A girl having mass of $35kg$ sits on a trolley of mass $5kg$. The trolley is given an initial velocity of $4m{s}^{-1}$ by applying a force. The trolley comes to rest after travelling a distance of $16m$.

(a) How much work is done on the trolley?

(b) How much work is done by the girl?

Answer 1

Step 1: (a) Given data

Mass of the girl, ${\mathrm{m}}_{\mathrm{g}}=35kg$

Mass of the trolley, ${\mathrm{m}}_t=5kg$

Total mass of the girl and the trolley,$\mathrm{m}=40kg$

Initial velocity,$u=4m{s}^{-1}$

Final velocity, $v=0m{s}^{-1}$

Distance travelled, $S=16m$

Step 2

The retardation of the trolley.

The negative acceleration or the retardation can be found by using the relation $v^2=u^2+2aS$, where $a$ is the acceleration.
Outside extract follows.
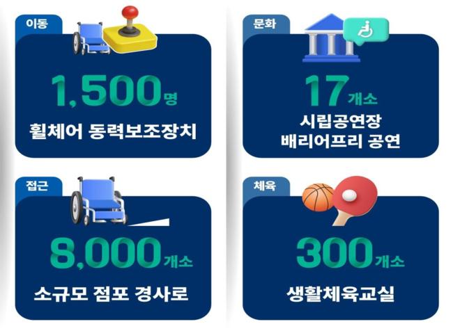 또한 소규모 점포 출입구 경사로를 8,000곳에 설치하고, 모든 횡단보도에 음향신호기를 도입할 예정이다.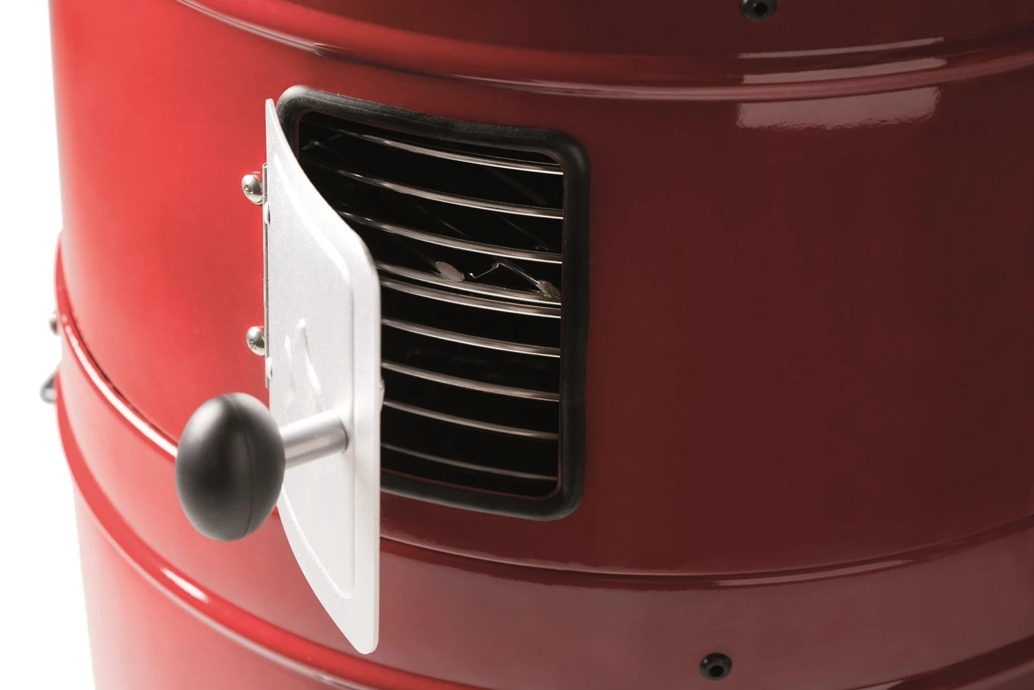 - Acciaio smaltato: L’esterno in acciaio smaltato aiuta a mantenere il prezioso calore all’interno dello smoker e a consentire il flusso d’aria all’interno della camera di combustione

$\begin{array}{rcl}a& =& \frac{v^2-u^2}{2S}\\ & =& \frac{{\left(0m/s\right)}^2-{\left(4m/s\right)}^2}{2\times 16m}\\ & =& \frac{-16}{2\times 16}\\ & =& -0.5m{s}^{-2}\end{array}$

Calculate the force $F$ by using the relation $F=ma$:

$\begin{array}{rcl}F& =& ma\\ & =& 40kg\times -0.5m{s}^{-2}\\ & =& -20N\end{array}$

Calculate the work done $\mathrm{W}$ by the trolley:

$\begin{array}{rcl}\mathrm{W}& =& F·S\\ & =& -20N\times 16m\\ & =& -320J\end{array}$

We can ignore the negative sign because the work done with respect to the initial force applied is being determined.

Step 2: (b) The work done by the girl is zero since she is sitting in the trolley, and hence there is no displacement with respect to the trolley.